От веселящейся публики отделилась Генриетта, подошла к Хреновскому:
– Петр Адольфович, я правильно поняла, вы хотите сделать символом нашей великой России вот эту содержанку?
– Какую содержанку? – не понял Хреновский, раздосадованный тем, что его пламенная речь, собравшая такое число слушателей, столь цинично прервана.
– Вот эту! – Гена ткнула длиннющим острым ногтем прямо в Нику. – Это няня детей Ропшина, безграмотная девушка из провинции, неудачница. Ропшин из жалости взял ее на содержание…
Блистательное общество зашумело.
Неведомо откуда взявшийся Вован грубо дернул довольную Генриетту за руку, что-то тихо и коротко сказал ей на ухо. Гена побледнела, зашаталась…
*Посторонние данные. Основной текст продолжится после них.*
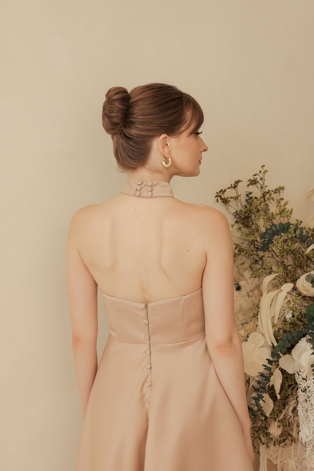 For the charming wedding guest. The Brielle dress is a curve neckline dress filled with covered button detail at the back and finished with a tie neckpiece.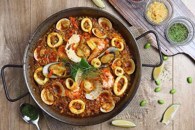 黑漆漆的一盘海鲜饭,上面铺满各式鲜美的海鲜,饭完全吸收海鲜的汁水,鲜咸软糯,颠覆了以往普通的海鲜饭,值得一试!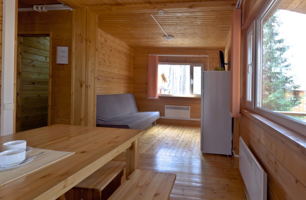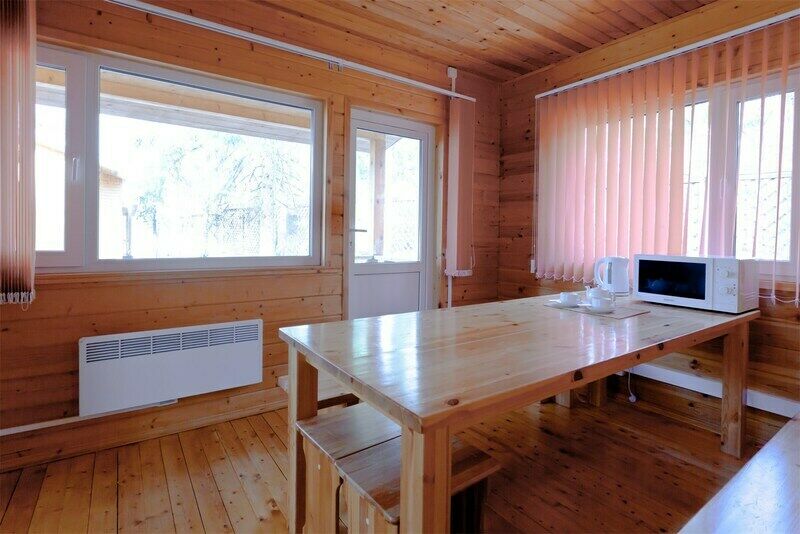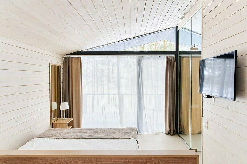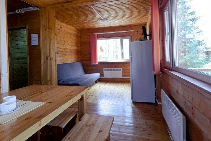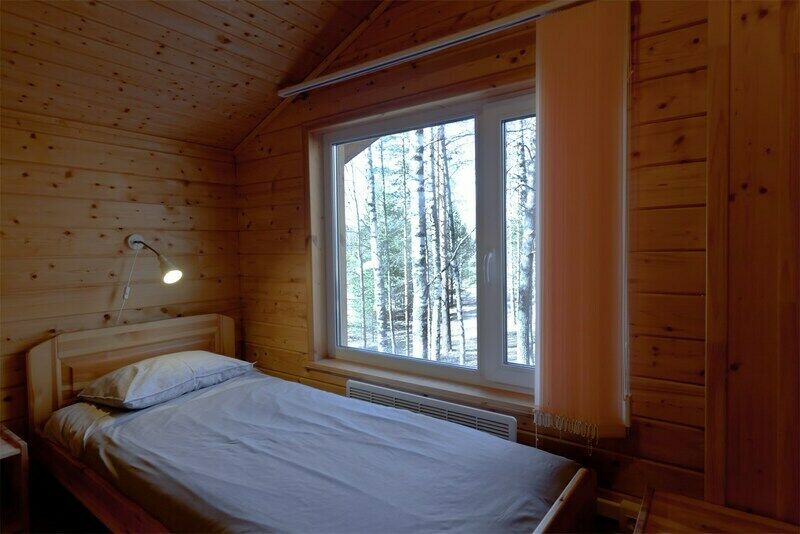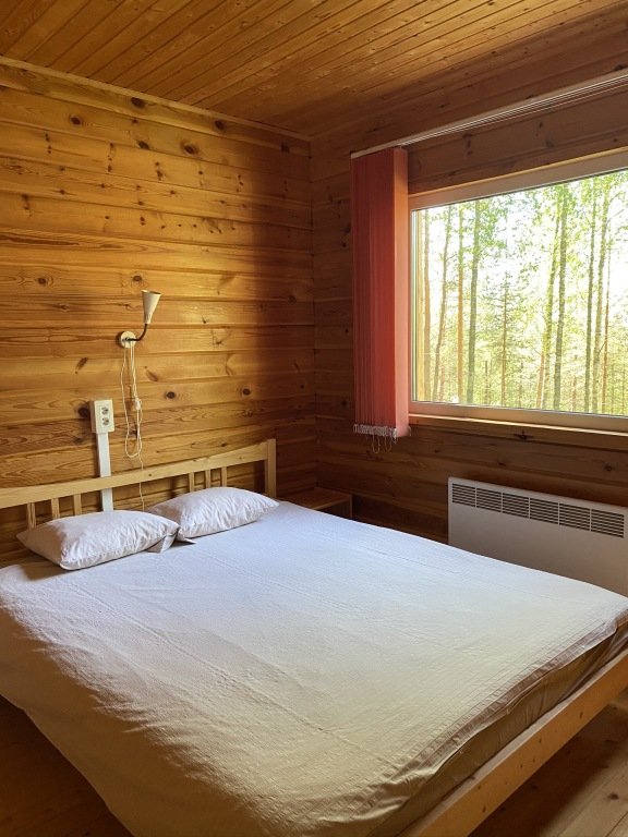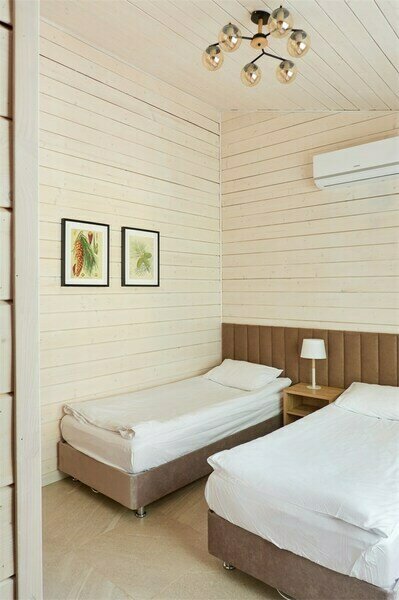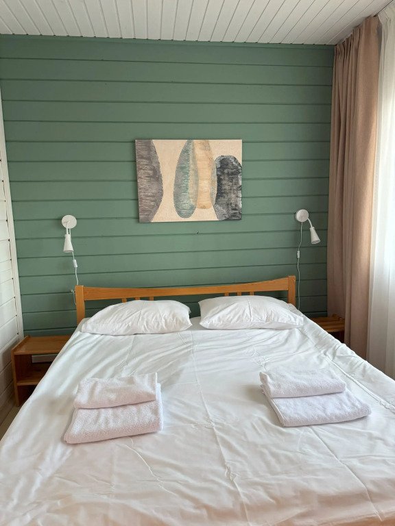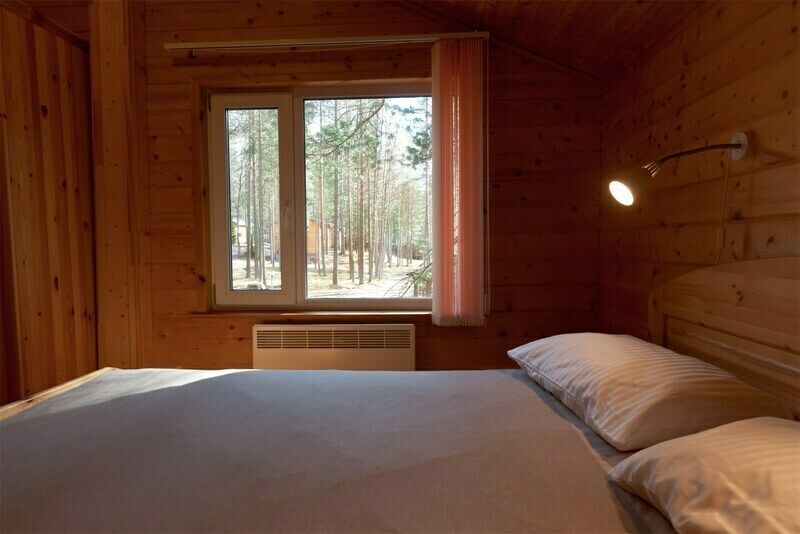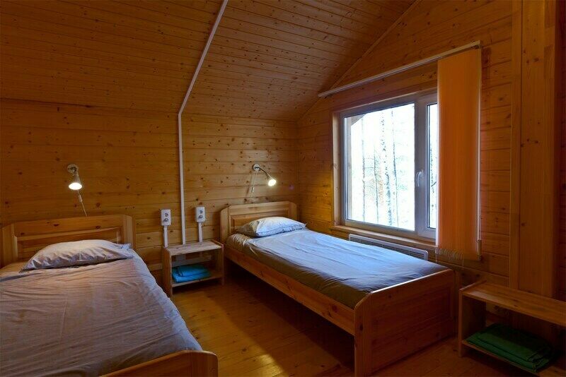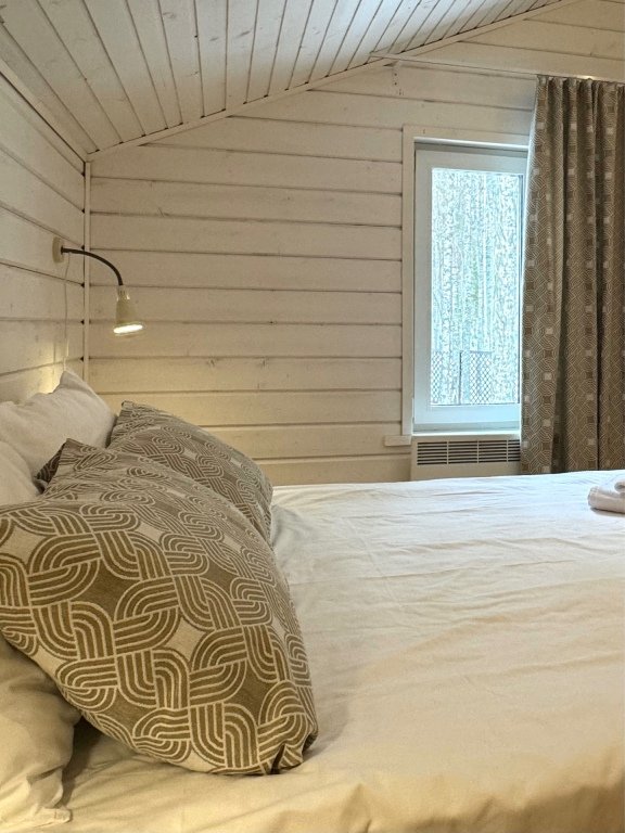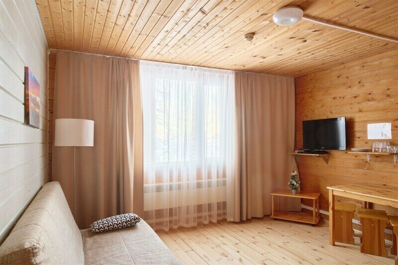 Номер в гостинице точно как на фотографиях в интернете. Уютно. Когда только заходишь, ощущается приятный запах дерева, а на территории самой базы пахнет лесом. Всё очень чисто, аккуратно, красивый вид из окна!

– Нет, – покачал головой Хреновский, – содержанки нам не нужны… Я боролся и буду бороться за искоренение этой заокеанской заразы!
Империалисты всех мастей хотят превратить наших русских женщин в товар…
– Так, Адольфыч, ша! – громко и грозно приказал Вован. – С каких пор ты слушаешь полоумных баб? – Он показал на Гену. – Или это новая доктрина твоей партии? – Хреновский непонимающе заозирался по сторонам, переводя глаза с Ники на Гену и обратно. – Ты поверил, что моя сестра может быть содержанкой?
Толпа снова стихла, ловя каждое слово непонятного зрелищного спектакля. Хреновский стушевался, но ненадолго. Парламентская школа давала себя знать.
– Владимир Владимирович, – торжественно провозгласил он. – Я прошу твоего согласия на то, чтобы Вера, этот прекрасный невинный цветок, стала символом моей партии!
Вовчик тщательно и любовно сложил увесистый кукиш, медленно и молча поднес его к носу депутата. Улыбнулся:
– Пойдем, Адольфыч, выпьем за твой очередной облом и за мою красавицу сестру! – Обернулся к барной стойке. – Всем – шампанского! За здоровье моей сестры!
Общество, неожиданно лишившееся увлекательного зрелища, недовольно зашелестело, но тут же удовлетворилось предложенным хлебом: официанты уже разносили шампанское.
– Вовчик, – попросила Ника, как только смогла выговорить слово, – пожалуйста, отвези меня домой, я сейчас тут умру…
– Верунь, – ласково чмокнул ее в наморщенный лоб брат, – погоди чуток, мне надо еще кое-чего кое с кем перетереть.
– Тогда я сама! – шмыгнула носом девушка. – На такси!
– Стоять! – скомандовал Вован. – Тебя отвезут. Только смотри мне, не реветь и не расстраиваться! О тебе теперь неделю вся Москва судачить будет. Отвечаю! А с этой, – он кивнул на неподвижно сидящую, с вытаращенными глазами, Гену, – я еще разберусь.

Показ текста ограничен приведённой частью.